Work instruction :: Omit all pictures and transcribe only the lines in the entries below that run from the line with "As there are" through the line with "Questo oggetto è".

Data ::
▬▬▬▬▬▬

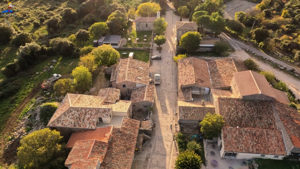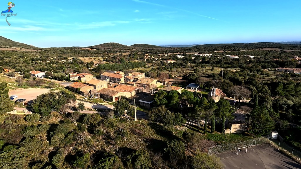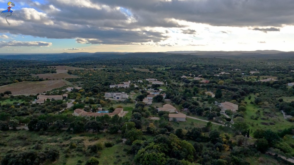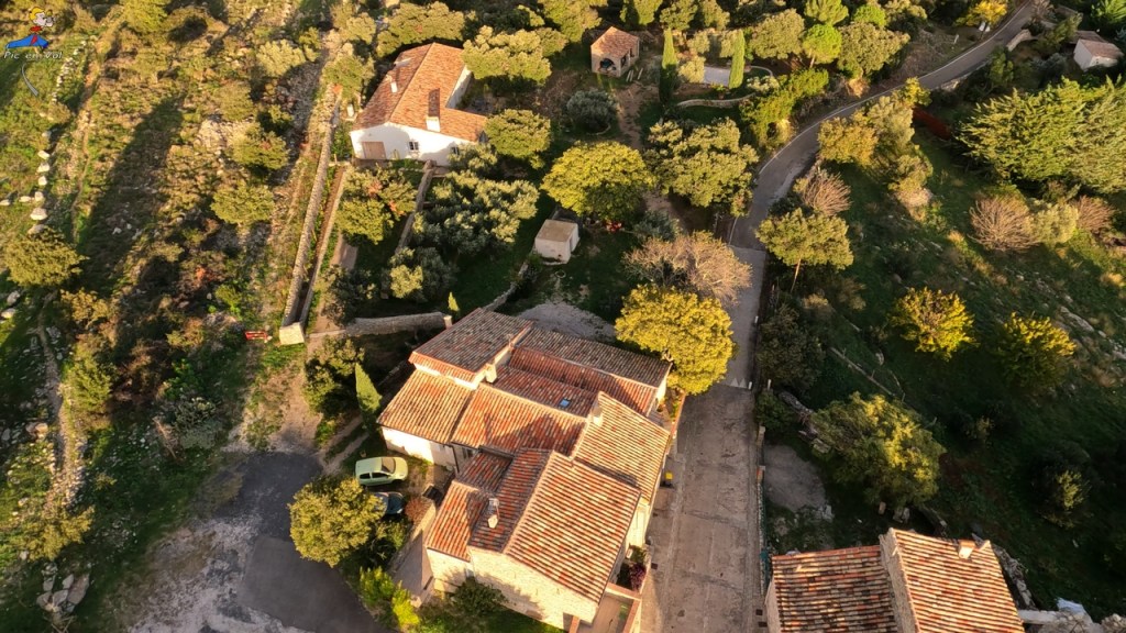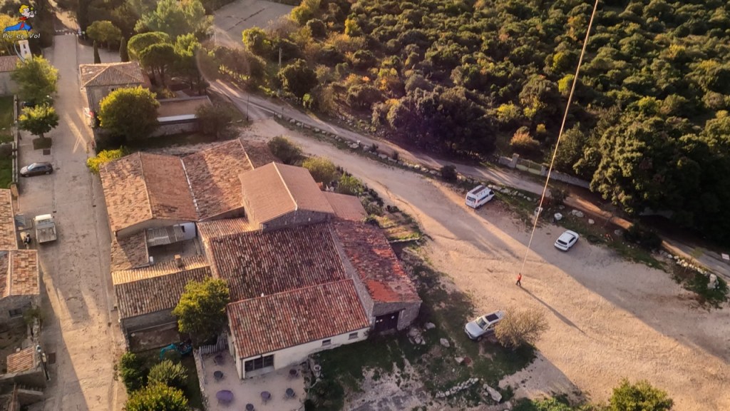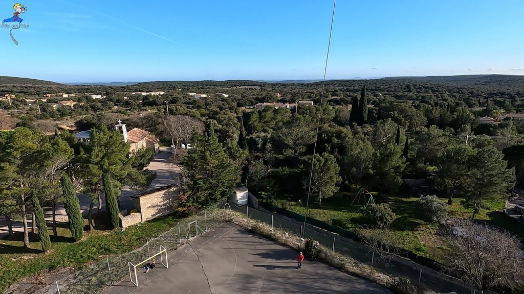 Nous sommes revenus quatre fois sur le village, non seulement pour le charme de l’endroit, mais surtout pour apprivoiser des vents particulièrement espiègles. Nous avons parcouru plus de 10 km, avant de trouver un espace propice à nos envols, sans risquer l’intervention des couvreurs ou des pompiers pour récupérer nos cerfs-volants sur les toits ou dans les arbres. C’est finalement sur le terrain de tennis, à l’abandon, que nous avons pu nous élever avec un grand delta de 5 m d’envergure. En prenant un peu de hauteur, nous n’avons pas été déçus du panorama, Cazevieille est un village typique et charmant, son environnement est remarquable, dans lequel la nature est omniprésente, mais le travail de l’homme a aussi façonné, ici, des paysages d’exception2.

▬▬▬▬▬▬

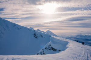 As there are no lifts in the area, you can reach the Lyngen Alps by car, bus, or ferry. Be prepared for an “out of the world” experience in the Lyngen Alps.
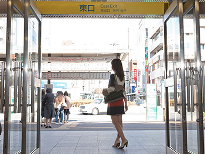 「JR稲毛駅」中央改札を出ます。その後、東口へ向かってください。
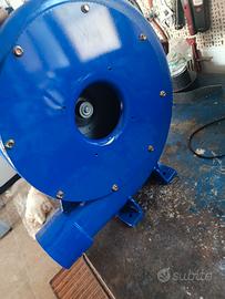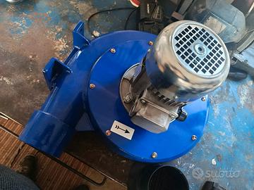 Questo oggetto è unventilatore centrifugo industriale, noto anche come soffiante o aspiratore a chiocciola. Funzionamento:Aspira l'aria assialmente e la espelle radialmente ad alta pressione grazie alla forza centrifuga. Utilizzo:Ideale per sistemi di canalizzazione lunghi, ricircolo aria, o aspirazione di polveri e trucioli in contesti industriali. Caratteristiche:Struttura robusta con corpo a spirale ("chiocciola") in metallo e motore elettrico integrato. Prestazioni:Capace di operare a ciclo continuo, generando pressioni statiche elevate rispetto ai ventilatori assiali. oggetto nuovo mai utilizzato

▬▬▬▬▬▬

Exercise result ::
 As there are no lifts in the area, you can reach the Lyngen Alps by car, bus, or ferry. Be prepared for an “out of the world” experience in the Lyngen Alps.
 「JR稲毛駅」中央改札を出ます。その後、東口へ向かってください。
 Questo oggetto è unventilatore centrifugo industriale, noto anche come soffiante o aspiratore a chiocciola. Funzionamento:Aspira l'aria assialmente e la espelle radialmente ad alta pressione grazie alla forza centrifuga. Utilizzo:Ideale per sistemi di canalizzazione lunghi, ricircolo aria, o aspirazione di polveri e trucioli in contesti industriali. Caratteristiche:Struttura robusta con corpo a spirale ("chiocciola") in metallo e motore elettrico integrato. Prestazioni:Capace di operare a ciclo continuo, generando pressioni statiche elevate rispetto ai ventilatori assiali. oggetto nuovo mai utilizzato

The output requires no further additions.